Segmentation fault (core dumped)
Hi @mourisl — I got permission to share one of the files in case it is helpful for debugging: NC-1-2_final.out
Thank you! I'll check this right away!
It finished successfully on my computer. Can you try to run it without option "-r"? If this also fails, I would guess the executable I uploaded might not be fully compatible with your system. You can try the Singularity image (similar to docker but does not require root permission) in the release. There is a brief introduction about Singularity in the README. I created this image on Ubuntu, it's fairly straightforward to use Singularity.

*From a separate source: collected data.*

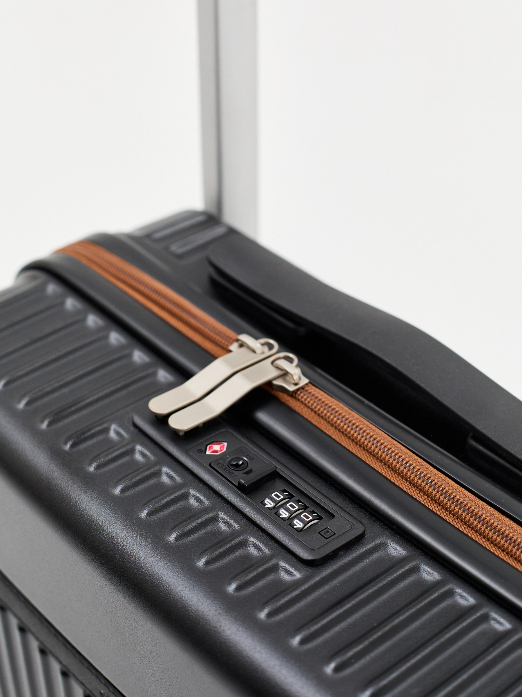 Встроенный кодовый TSA замок на молнии гарантирует безопасность багажа при международных поездках.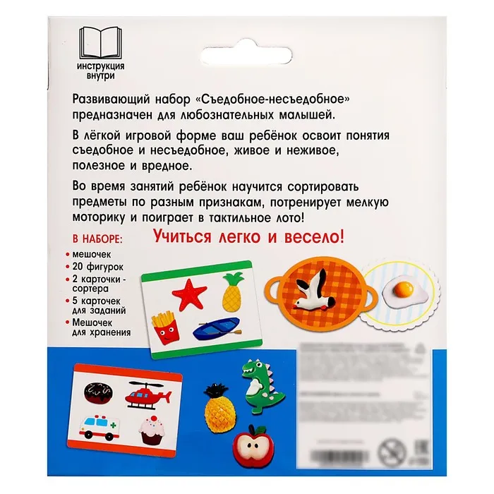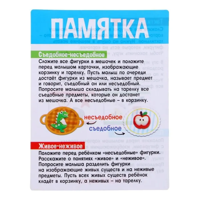 Занятия с обучающими карточками познакомят малыша с понятиями «съедобное» и «несъедобное» и помогут развить память, интеллект, зрительное и слуховое восприятие.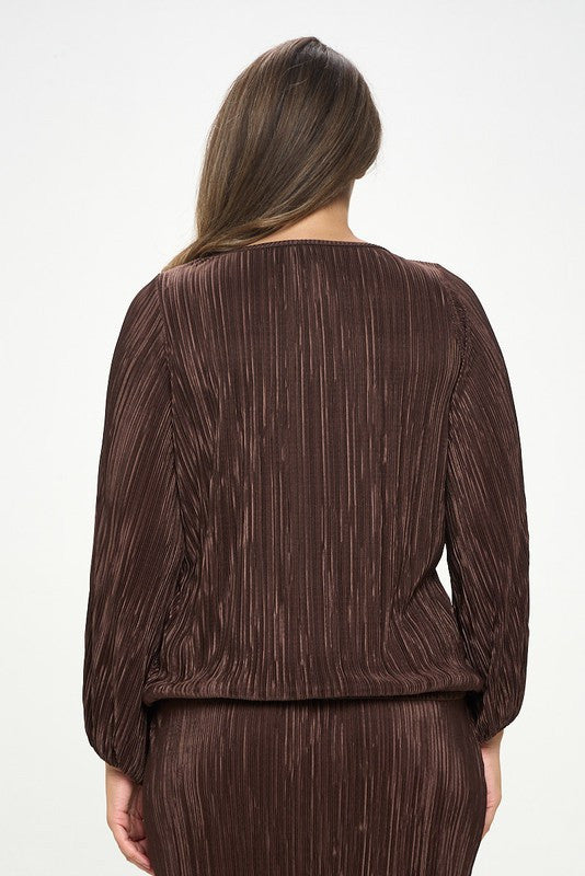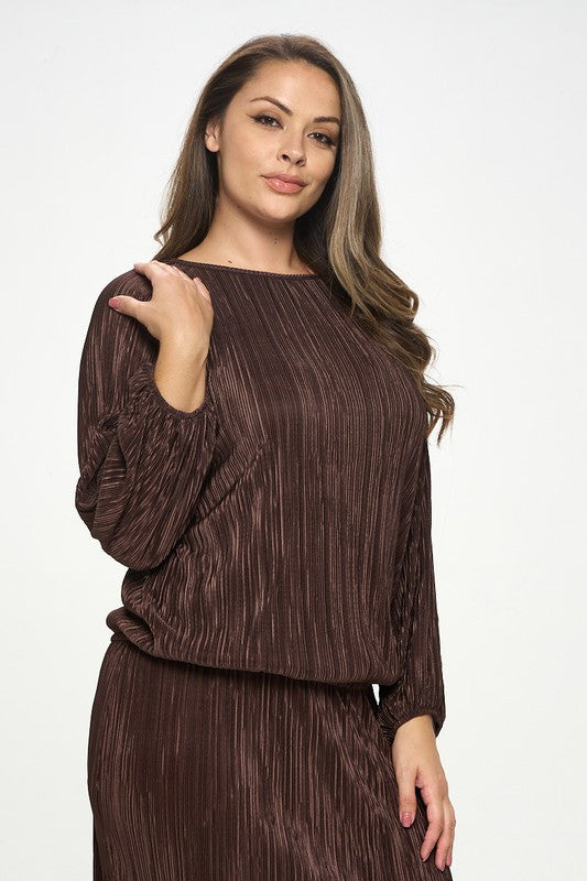 Made in USA Plisse Solid Round neck Top with 3/4 Sleeve. Fabric content: 100% Polyester. Available in other Colors.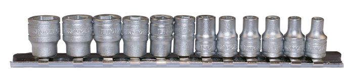 12 piece 1/4" drive 6 point regular sockets supplied on a clip rail. Made from chrome vanadium with a satin finish.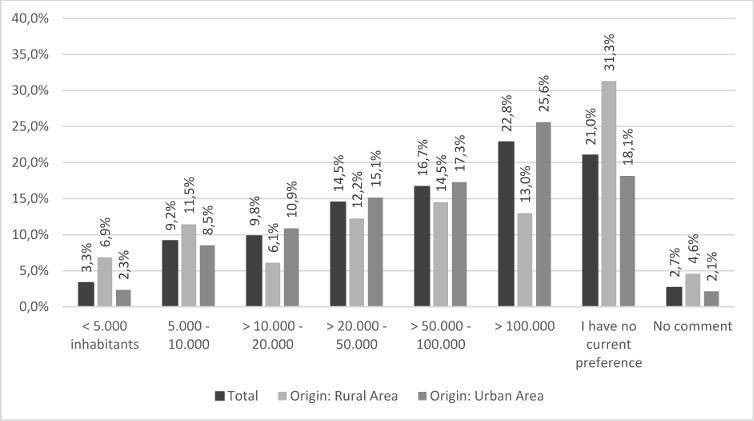 Figure 1 [Fig. 1] shows the preferred number of inhabitants living in the future place of work. A statistically significant correlation exists between the variables of own background and desired place of work with a moderate effect size (r=0.366; p<0.001; N=458) [20]. Almost one third of participants from rural communities said they had no preferences with regard to future place of work.

Hi @mourisl — Thank you for taking the time to run that file. I'm on an Ubuntu EC2 machine, but will try both removing the -r
option as well as the singularity container and will report back.
Hi @mourisl ,
I'm running into the same issue using the singularity container:
(base) ubuntu@ip-10-200-0-18:~$ singularity exec trust4-singularity.sif /TRUST4/run-trust4 -1 samples/NC-1-2_1.fq -2 samples/NC-1-2_2.fq -f TRUST4/mouse/mouse_IMGT+C.fa --ref TRUST4/mouse/mouse_IMGT+C.fa -o output/NC-1-2/NC-1-2 -t 16
perl: warning: Setting locale failed.
perl: warning: Please check that your locale settings:
LANGUAGE = (unset),
LC_ALL = (unset),
LANG = "en_US.UTF-8"
are supported and installed on your system.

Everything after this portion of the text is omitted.